The stand-alone plot clipped along well enough, but turned on a last-minute and somewhat improbable connection between two characters. Two young Persians are found shot and stuffed in a convenience store cooler with the words "Go Home" written in oil on the glass. Since the cops have to diffuse a riot outside the crime scene, anti-immigrant sentiment is almost immediately settled on as a motive for the murders. The two victims were drug dealers; a third Persian, Amir, who has gone missing is believed to be in league with them. Amir's mother and sister hover around the cops and declare that he couldn't possibly be involved, but after a spreadsheet is discovered on Amir's video game console it's clear he was the dealer's accountant. Computers played a major role this week. There's a funny LAPD computer geek character that I could see coming back in future episodes. and the unlocking of the spreadsheet only happens after a slightly overlong montage in which everyone stands around and watches Amir's sister get to a certain level on a video game.

The case turns on the fact that the mother of the kidnapper (Sarah Clarke of 24) is apparently in love with Amir. I say "apparently" because we don't know until Crews explained it to us. This plot twist felt very forced, as if a writer was just trying to do what wasn't expected for its own sake.

Last week I complained that Adam Arkin's Ted had too little to do, and my cries were heard. Crews decides (after a dream) to buy a "solar farm." On a trip to check one out Ted winds up in the company of Olivia (whom I didn't realize in her first appearance is played by Christina Hendricks of Mad Men), the bride-to-be of Crews's as-yet-unseen father. The trip goes comically awry, and Arkin sweetly reveals his attraction to Olivia and his awkwardness around women. This week Ted worked as a nice counterpoint to the serious main plot.

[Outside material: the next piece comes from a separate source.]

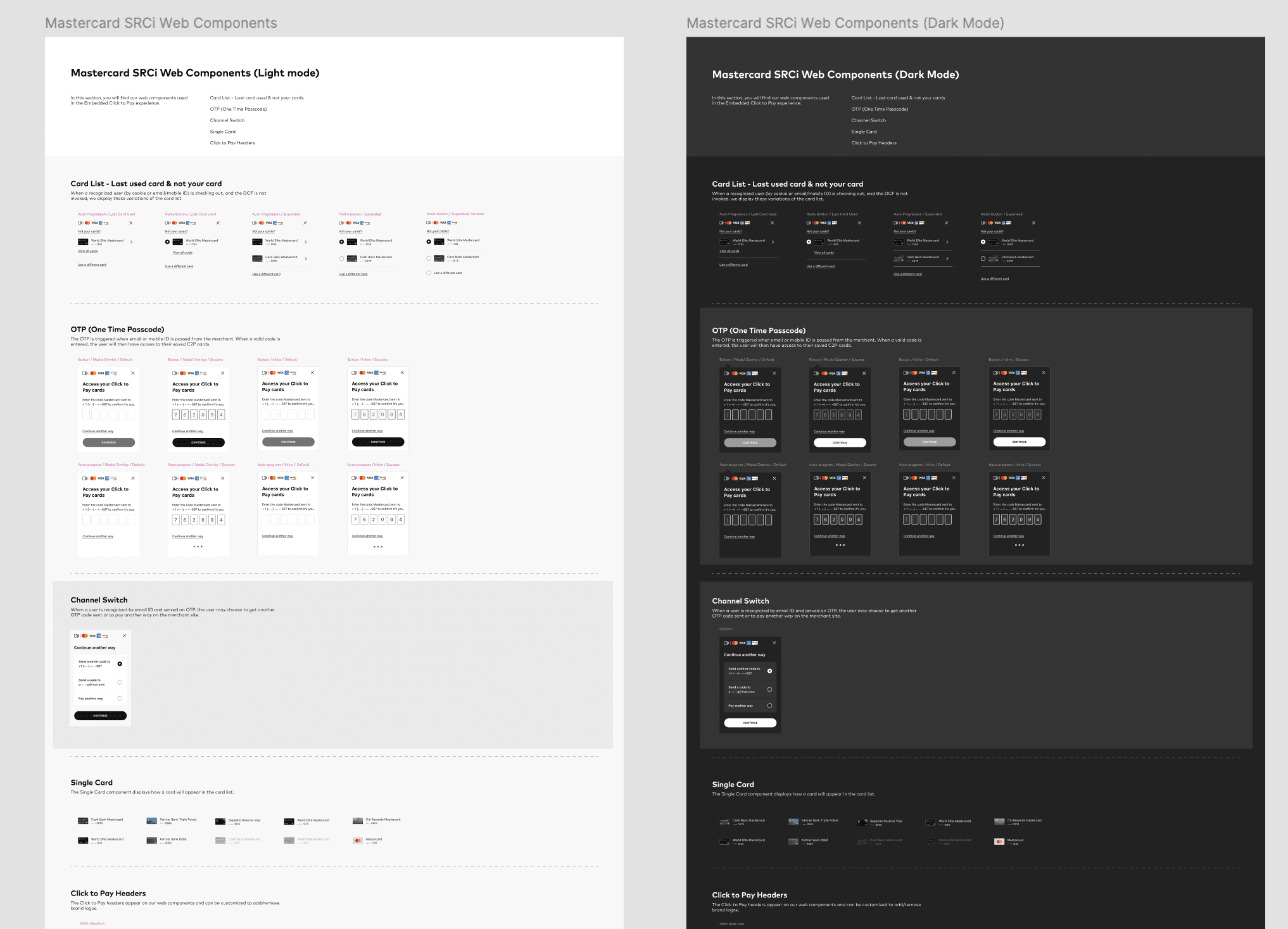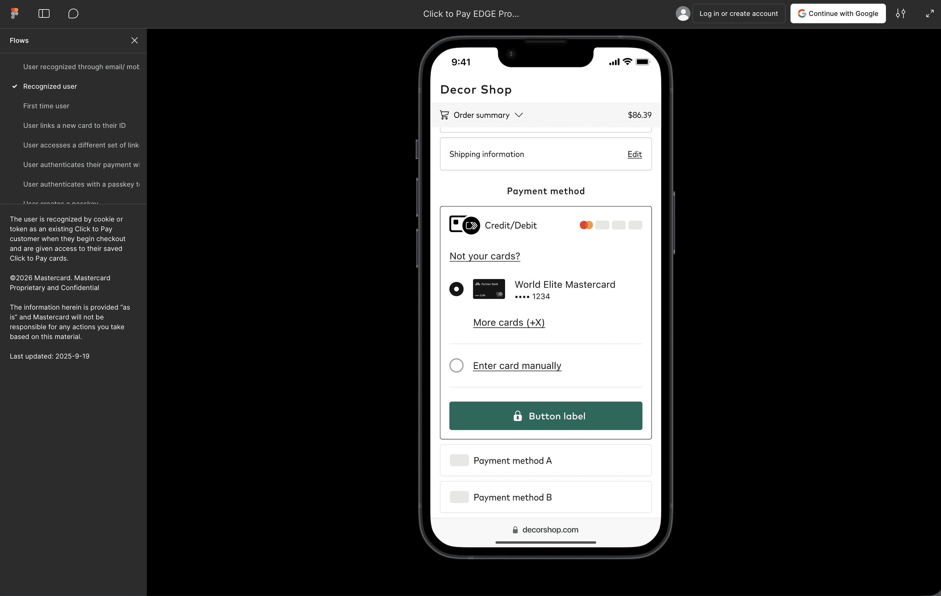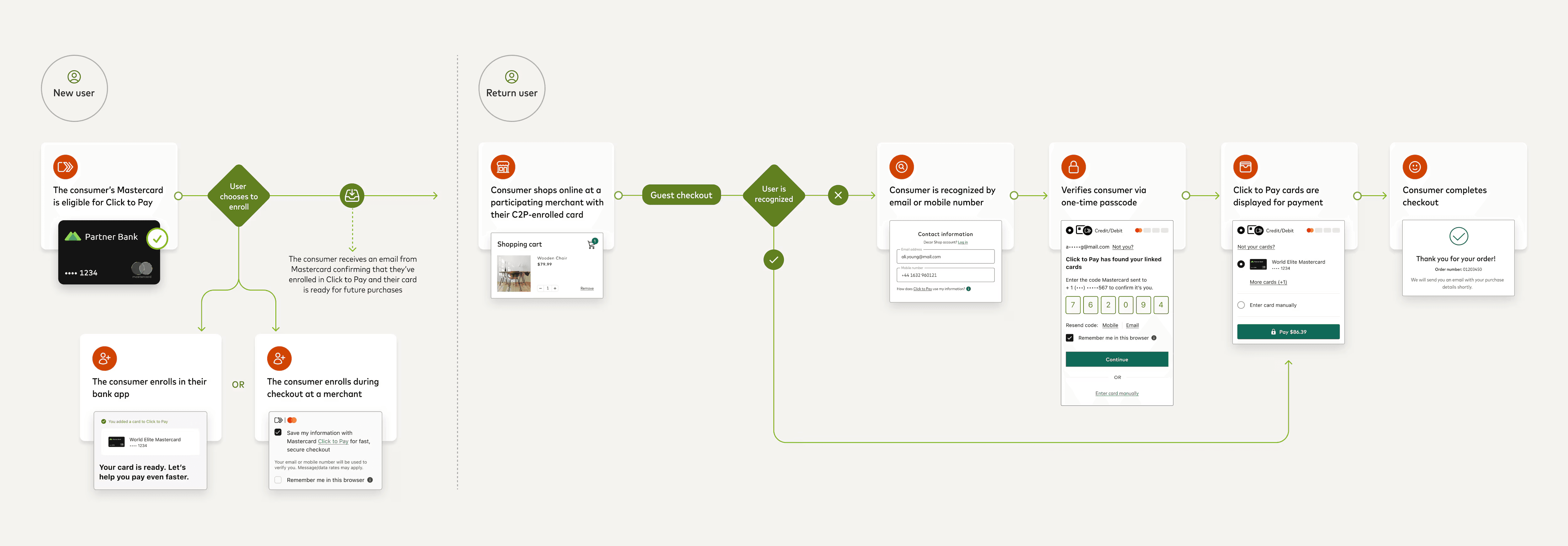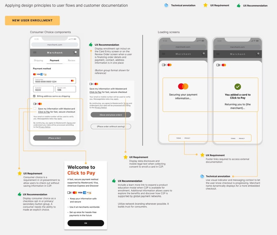 Click to Pay is a comprehensive, user-friendly checkout solution designed for various use cases. We included detailed flows with annotations, design guidance and technical implementation notes for all scenarios. The scenarios range from the most common primary ones to error states and rare edge cases.

Although the Persian murder/drug plot left me a little cold, this was a very strong episode of Life. It was good to see the nutty side of Crews come back out, and great to see Reese's character get more complicated (Oh, she's half-Persian and speaks fluent Farsi). I hope the show goes further with the idea that Charlie's eccentricity heps him figure out all crimes aren't as simple as they first appear - Lt. Davis tells him most crimes are about "drugs and money." Charlie is still working on that flow chart, trying to figure out who set him up. As Reese's history and the connection to her father came out the chart went in some new and unexpected directions. We'll see whether Reese's place on the Wall of Shame is justified, but for now trust no one.